Shared memory deleted at exit

2.2k views Asked by At

I have two scripts, one that creates and writes a shared memory block, and the second one that reads that shared memory. The problem is that when the first script ends, the shared memory is deleted even I do not unlink it. Here's my first script :

import argparse
import csv
import os
import subprocess
import sys
import time

from classes.rtData import RtData
from multiprocessing import shared_memory

if '__main__' == __name__:
    sys.stdout.write('starting server ... \n')
    service = RtData()

    shm_a = shared_memory.SharedMemory(name='rtdata', create=True, size=len(msg))
    data = shm_a.buf
    data[0] = 42
    shm_a.close

When adding a breakpoint I can see that the shared memory is created :

$ ls -l /dev/shm/

total 0 -rw------- 1 facundo facundo 4 Sep 28 09:41 rtdata

But when the scripts exits, the shared memory is deleted ( so I can not read it with the second script )

4

There are 4 answers

1
Rudson Rodrigues On

it seems that you are missing a manager process

for example (https://www.geeksforgeeks.org/multiprocessing-python-set-2/): import multiprocessing

def print_records(records): 
    """ 
    function to print record(tuples) in records(list) 
    """
    for record in records: 
        print("Name: {0}\nScore: {1}\n".format(record[0], record[1])) 

def insert_record(record, records): 
    """ 
    function to add a new record to records(list) 
    """
    records.append(record) 
    print("New record added!\n") 

if __name__ == '__main__': 
    with multiprocessing.Manager() as manager: 
        # creating a list in server process memory 
        records = manager.list([('Sam', 10), ('Adam', 9), ('Kevin',9)]) 
        # new record to be inserted in records 
        new_record = ('Jeff', 8) 

        # creating new processes 
        p1 = multiprocessing.Process(target=insert_record, args=(new_record, records)) 
        p2 = multiprocessing.Process(target=print_records, args=(records,)) 

        # running process p1 to insert new record 
        p1.start() 
        p1.join() 

        # running process p2 to print records 
        p2.start() 
        p2.join() 
3
user1077915 On

I found the reason. The documentation states that

When one process no longer needs access to a shared memory block that might still be needed by other processes, the close() method should be called

I've found this bug report related to this issue https://bugs.python.org/issue39959#msg368770

I've tested it in my process by adding unregister( shared_memory_name, 'shared_memory') in the consuming process, it works fine.

0
ShadowRanger On

Here's what's happening, why, and how, and why the solution you found "works".

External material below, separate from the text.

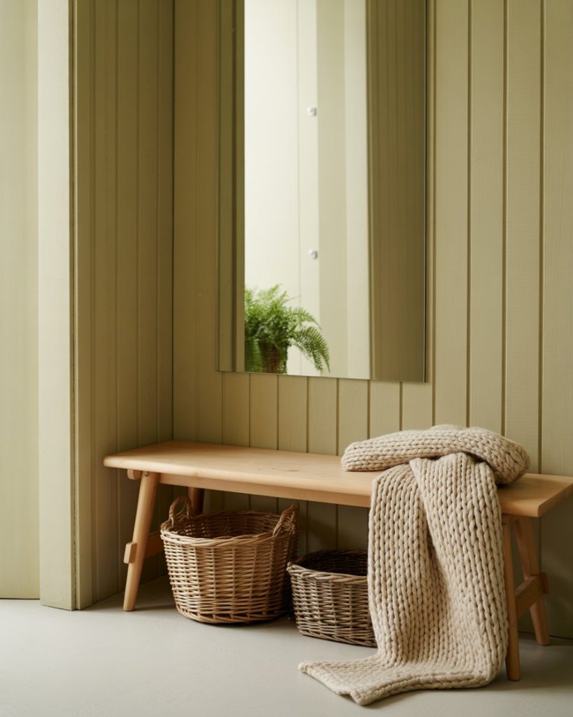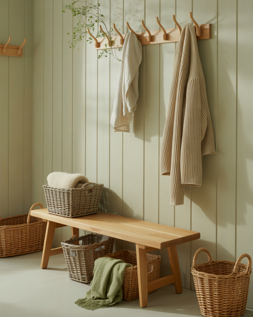 A rustic Nordic entryway uses woven baskets, simple benches, and warm woods to set a welcoming tone. This idea fits both cabins and suburban homes, offering functional charm. I’ve seen families quickly adopt this style because it organizes daily clutter without sacrificing beauty.

Shared memory can, on some operating systems, persist indefinitely if not explicitly unlinked, even if no running process is using it. This is a nasty resource leak that doesn't get cleaned up until the machine is rebooted. In C, that's on the programmer; if you didn't want it leaked, you should have been more careful. In Python, this violates general expectations (even if the programmer fails to do proper cleanup, Python will do it for you, emitting a ResourceWarning to the few developers who enable all warnings), so they didn't want to leave a potential leak scenario like this in there.

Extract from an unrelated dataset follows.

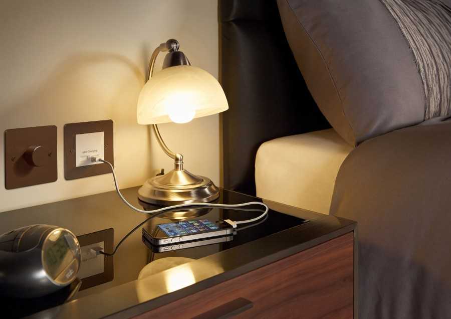 При ремонте хозяева часто задаются вопросом, на какой высоте ставить розетки в спальне. Один включатель традиционно размещается у входа. Если в комнате будет установлена двуспальная кровать, то для комфортного использования можно расположить электророзетку с выключателем по обе стороны спинки, на расстоянии 70 см от пола. Тогда не возникнет проблем с зарядкой телефона на ночь и включением/выключением основного света или бра.

The solution to it is (on POSIX systems) a resource tracker process (from the undocumented multiprocessing.resource_tracker module) that is used automatically for any interprocess shared resources (right now, just shared memory and named semaphores). The resource tracker process launches separately, with a pipe opened from and written to in the parent, passed to the tracker, which the parent process (and its other children) write to when they want to register a resource for eventual cleanup.

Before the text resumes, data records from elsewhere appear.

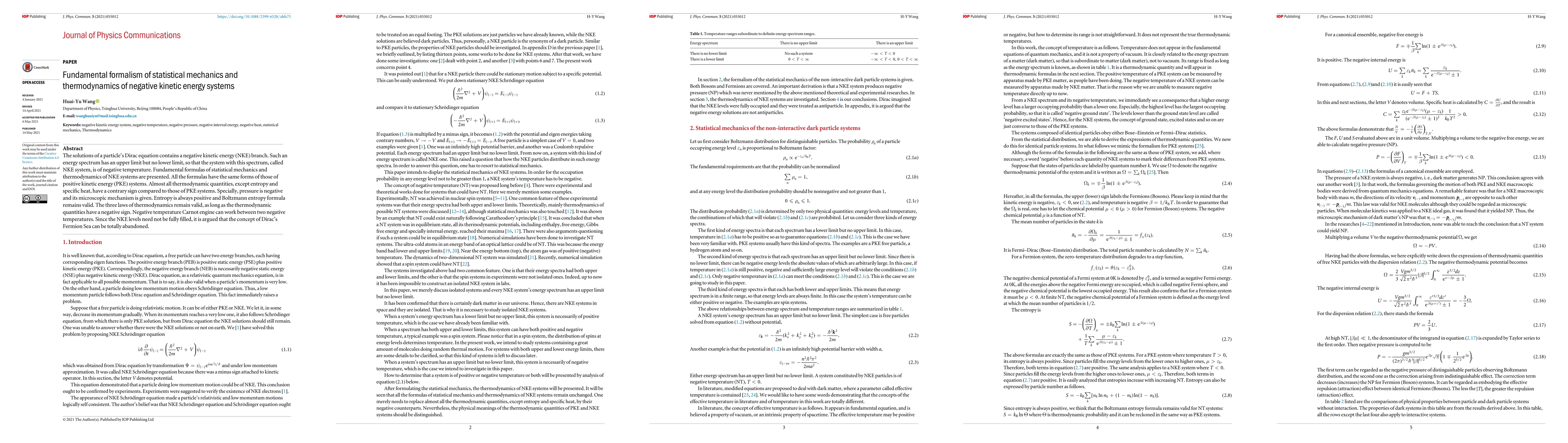 This paper explores the statistical mechanics and thermodynamics of negative kinetic energy (NKE) systems, revealing that NKE systems exhibit thermodynamic properties opposite to those of positive kinetic energy systems, including negative pressure and temperature. The fundamental formulas remain similar, but entropy and specific heat differ in sign, and a negative temperature Carnot engine is feasible.
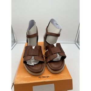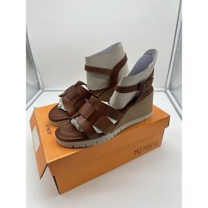 New Miz Mooz Mackenzie Leather Wedge Slingback Sandals Brown EU 39 US 8.5-9
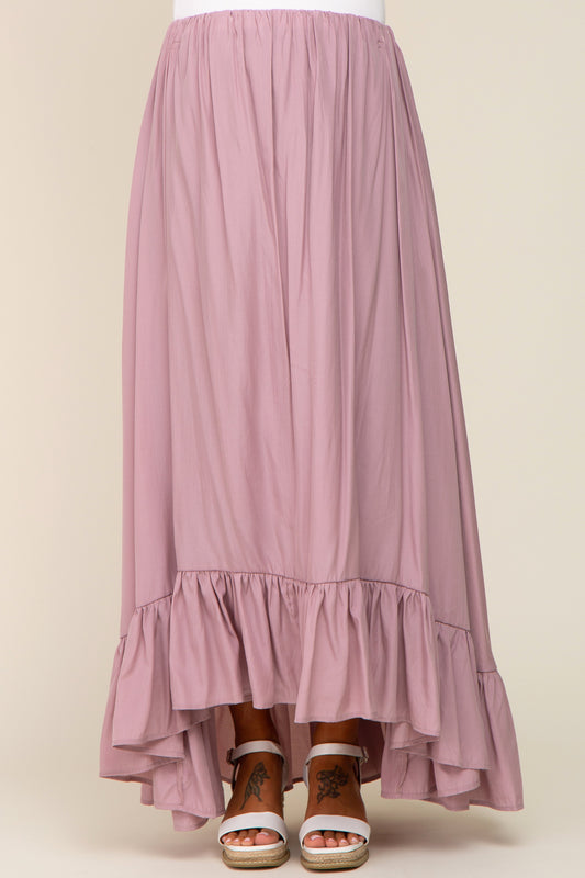 Mauve Ruffle Hem Maternity Maxi Skirt

The tracker process intentionally outlives the parent, constantly reading lines written from the parent process to register/unregister resources for cleanup. When all other processes holding the write pipe have closed though, its loop naturally terminates, and any remaining objects registered for cleanup are cleaned automatically, then the resource tracker itself exits.

What this means is:

  1. If you don't unlink the shared memory yourself, the resource tracker will shortly after you, and all your child processes (that did not intentionally close the pipe to the resource tracker), have exited.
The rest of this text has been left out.